She set the cup down, pensively.

“He gave me everything I ever wanted,” she said. “I remember one birthday. I wanted a pony. I’d seen vids of children riding them back on Earth. So Cyro had a whole herd of them sent here from Texas.”

“That’s what I call a birthday present.”

“It would have been,” the girl said, “except he had his secretary give them to me. He couldn’t make it to the party. He had a meeting in the Darlan Sector. There were always meetings. He’s a busy man. He couldn’t give me any of his time. So he gave me things instead.”

She looked up and Tommy could see the swift, sudden anger in her eyes.

“Cyro Burbank has his own unique view of life, you know?” she said. “According to him, the world is nothing more than a Big Machine and we’re all just parts in it. You have a choice. You can either be a cog or a wheel. Cogs are for losers. He spent his whole life becoming the biggest wheel in the machine. Truth is, he never gave a damn about much else. Especially not me.”

Tommy frowned.

“I hope he gives enough of a damn to come out here with that money,” he said.
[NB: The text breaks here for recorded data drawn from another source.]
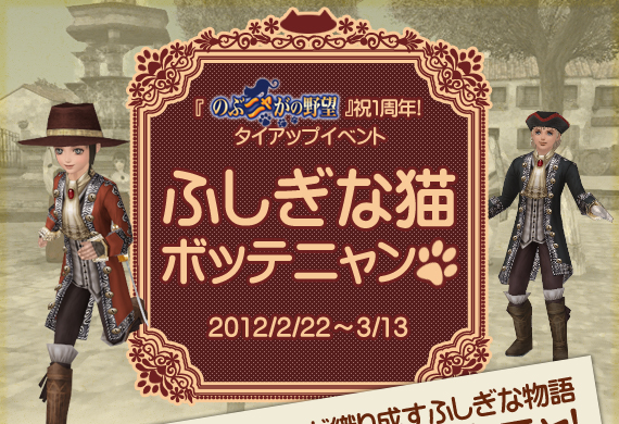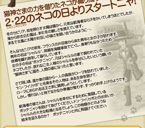 昨年に開催した「2・22スタートキャンペーン」において、『大航海時代 Online』に登場してほしい"ねこ武将"のアンケートを行いました。そこで見事1位を獲得した"織田のぶニャが"が、新たなペットとして登場します! 本イベントを進めていくと"織田のぶニャが"のペット権利書を獲得できます。 ※本イベント進行中に報酬を獲得できます。 ※ペットを飼育するには「Cruz del Sur」以降の製品版アカウントが必要です。 |
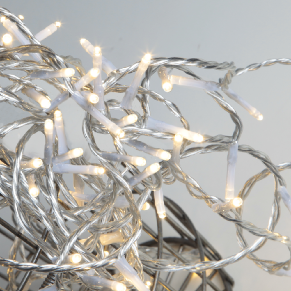 Długi łańcuch z równomiernym rozmieszczeniem diod – aż 180 diod LED emitujących ciepłą białą barwę rozmieszczonych na 18-metrowym przewodzie tworzy subtelny, ale wyrazisty efekt świetlny.
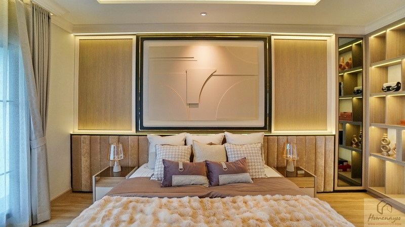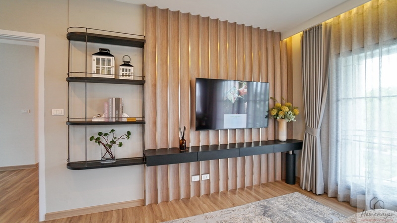 ฝั่งปลายเตียงผนังจุดนี้รองรับ Built-in ชั้นวางทีวีขนาดใหญ่ บนผนังเดินงานระบบไฟฟ้ามาให้เรียบร้อยพร้อมต่อใช้งาน บ้านตัวอย่างกรุผนังไม้สวย ๆ ติดชั้นวางของที่ด้านข้างให้ดูเป็นไอเดีย
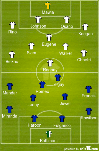 Dempo SC (4-4-1-1): Laxmikant Kattimani, Rowilson Rodrigues, Fulganco Cardozo, Haroon Fakhruddin, Clifford Miranda, Lenny Rodirgues, Jewel Raja, Francis Fernandes, Mandar Rao Desai, Romeo Fernandes, Tolgay Ozbey

“He’ll be here,” the girl said. “You heard him. This is just another business deal. A transaction. An exchange of funds for the purpose of redeeming one daughter. Cut and dry. No emotion. You’ll get your money.” She looked up at him. “But I guarantee you’ll never get off Tulon alive.”

Over the next hour Tommy thought about what the girl had said. He was sure Burbank would have something up his sleeve. But once he got Burbank here, he thought, it wouldn’t matter. Once he told Burbank what he really wanted, there wouldn’t be anything he could do about it.

A loud noise, like the sound of a propeller chopping the air, came from behind him. Tommy spun. Something big and grotesque had landed in the open window. It looked like an insect, but its long, black body was a good six feet in length and the heavily veined, opaque wings were five feet across. Three pairs of legs and long pincer-like arms protruded from its tube-like body, and its flat head sported a pair of red eyes and vicious-looking mandibles. It sat on the window sill studying them.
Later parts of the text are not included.